A candidata do PAN - Pessoas-Animais-Natureza é a entrevistada de hoje do Vozes ao Minuto, onde revela de que forma pretende marcar a diferença no executivo municipal de Lisboa.

"É difícil chegar à presidência, mas vamos atirar-nos à vereação"
Notícias ao Minuto

25/07/17 por Andrea Pinto

Política Inês Sousa Real

Poderá ser para muitos uma cara pouco conhecida, mas a candidata do PAN à Câmara Municipal de Lisboa, já está há muito ligada às causas dos animais. Provedora dos animais até abril deste ano, Inês Sousa Real foi convidada a encabeçar a lista do Partido das Pessoas-Animais-Natureza e tentar fazer chegar à vereação um elemento que permita defender os princípios pelos quais se regem os defensores destas causas.

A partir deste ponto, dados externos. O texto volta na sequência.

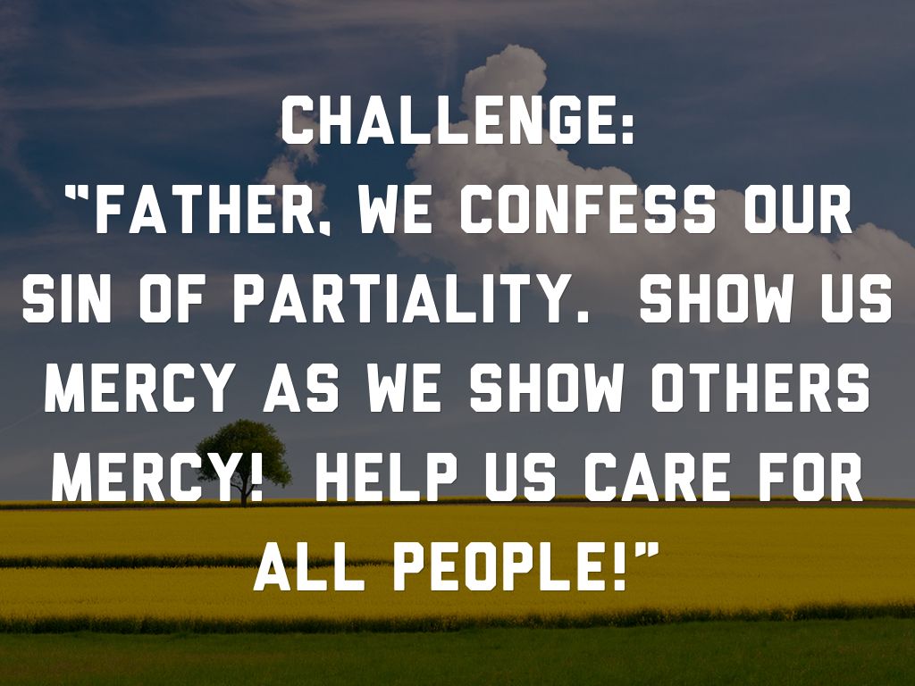 “Father, we confess our sin of partiality. Show us mercy as we show others mercy! Help us CARE for ALL PEOPLE!”

Esta é uma candidatura que, assume com humildade, dificilmente a levará à presidência, mas que com ambição a poderá fazer chegar a um lugar de vereação. O facto de não ser tão conhecida quanto os seus adversários não a assusta, até porque, considera, as pessoas estão “insatisfeitas com a forma tradicionalista de se fazer política”.

Como surgiu a oportunidade de se candidatar à Câmara Municipal de Lisboa ?

Foi um desafio que me foi lançado pelo PAN de Lisboa. Como é do conhecimento público eu já tinha cessado funções no início do ano enquanto Provedora dos Animais. E antes de exercer funções como provedora já era militante do PAN e, no fundo, foi uma forma de dar continuidade ao percurso e às causas não só do partido como as que já vinha defendendo. Foi nesse seguimento que surgiu este convite e que acabei por aceitar como uma forma de dar continuidade a um projeto e a valores com os quais me identifico.

Acima de tudo, queremos uma cidade para as pessoas. Mas não podemos ter um executivo de costas voltadas às restantes temáticas, como os animais ou o ambienteComo disse, foi provedora e é, portanto, uma assumida defensora dos direitos dos animais. Posto isso, quem vai estar na linha da frente das suas prioridades: as pessoas ou os animais?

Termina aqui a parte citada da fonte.